(Beginning of PROVIDED DATA)

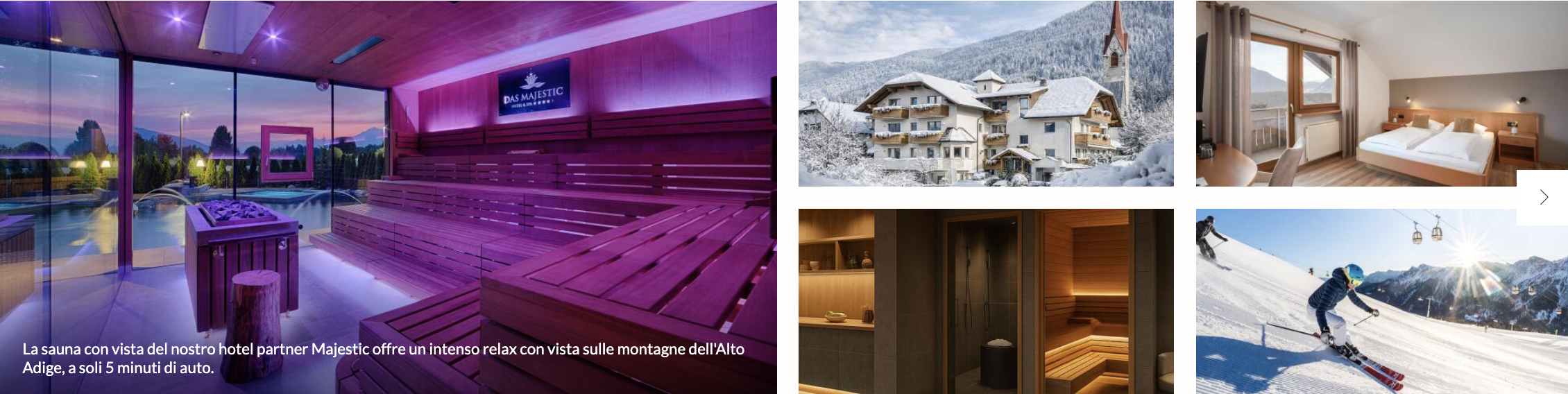 E se desideri ancora più spazio per un relax profondo, la tua esperienza benessere si amplia in modo rilassante: a soli cinque minuti di auto, l’hotel partner Majestic apre le porte a un mondo spa e benessere di 1.200 m², dove calore, acqua e ambiente elegante armonizzano corpo e mente.
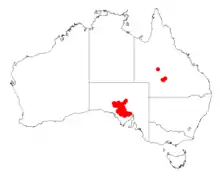 It is endemic to southern parts of central South Australia from the northern parts of the Eyre Peninsula in the south to around areas to the west of the Gawler Range and to just north of Tarcoola where it is usually situated on rocky hillsides and ridges that are composed of granite as a part of open and tall shrubland or low woodland communities.[1] It is often associated with other species of Acacia including Acacia aneura, Acacia cibaria and Acacia papyrocarpa growing in shallow compact loamy soils and alkaline red duplex and brown calcareous soils in areas where the average rainfall is 200 to 350 mm (7.9 to 13.8 in) per annum.[2]
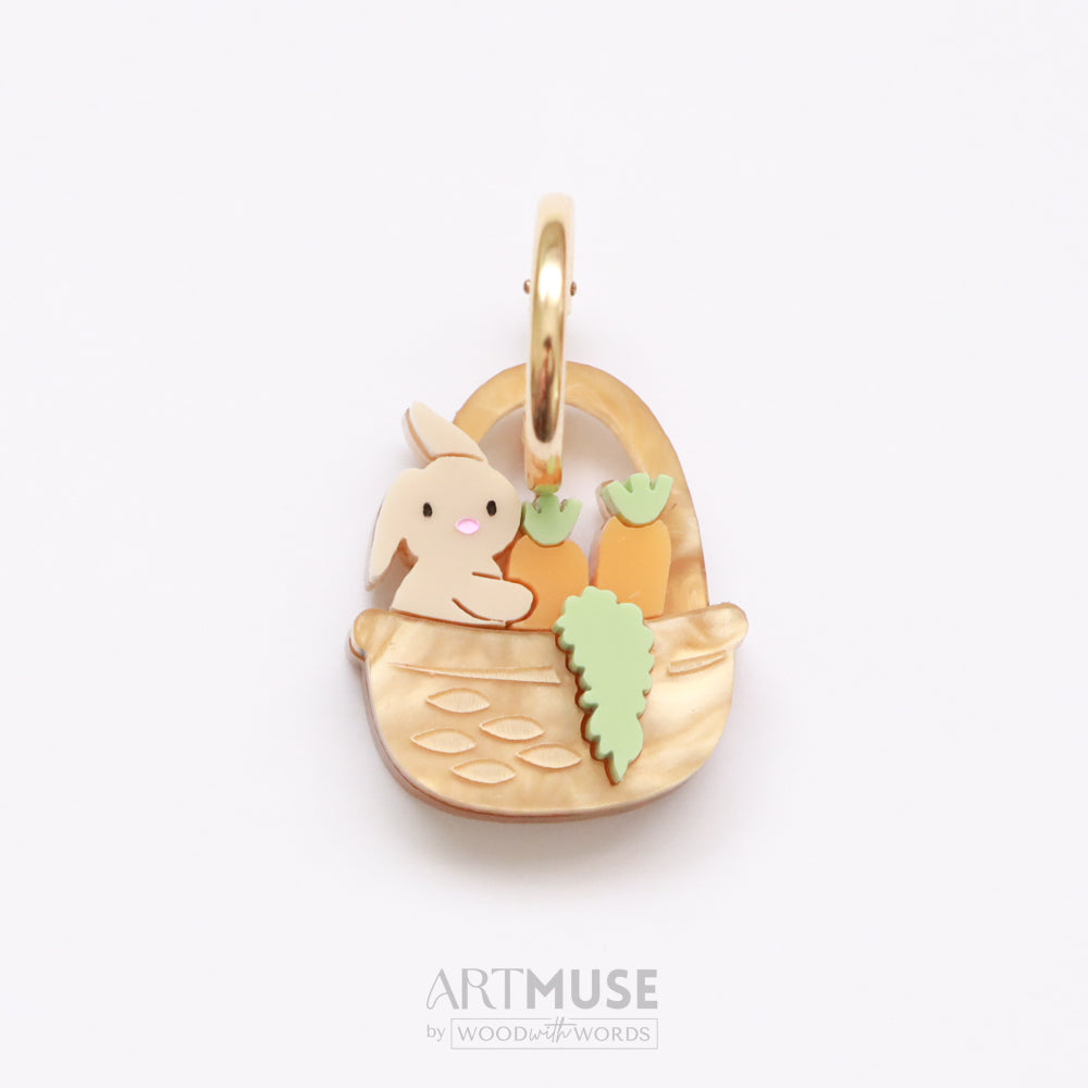 Bunny Carrot Basket Charm - Brown

(End of PROVIDED DATA)

The expected output is exactly the lines from the one containing "It is endemic" through the last line of the listing, both included, with every picture left out.

▸ **RESULT OF THIS EXERCISE**:
 It is endemic to southern parts of central South Australia from the northern parts of the Eyre Peninsula in the south to around areas to the west of the Gawler Range and to just north of Tarcoola where it is usually situated on rocky hillsides and ridges that are composed of granite as a part of open and tall shrubland or low woodland communities.[1] It is often associated with other species of Acacia including Acacia aneura, Acacia cibaria and Acacia papyrocarpa growing in shallow compact loamy soils and alkaline red duplex and brown calcareous soils in areas where the average rainfall is 200 to 350 mm (7.9 to 13.8 in) per annum.[2]
 Bunny Carrot Basket Charm - Brown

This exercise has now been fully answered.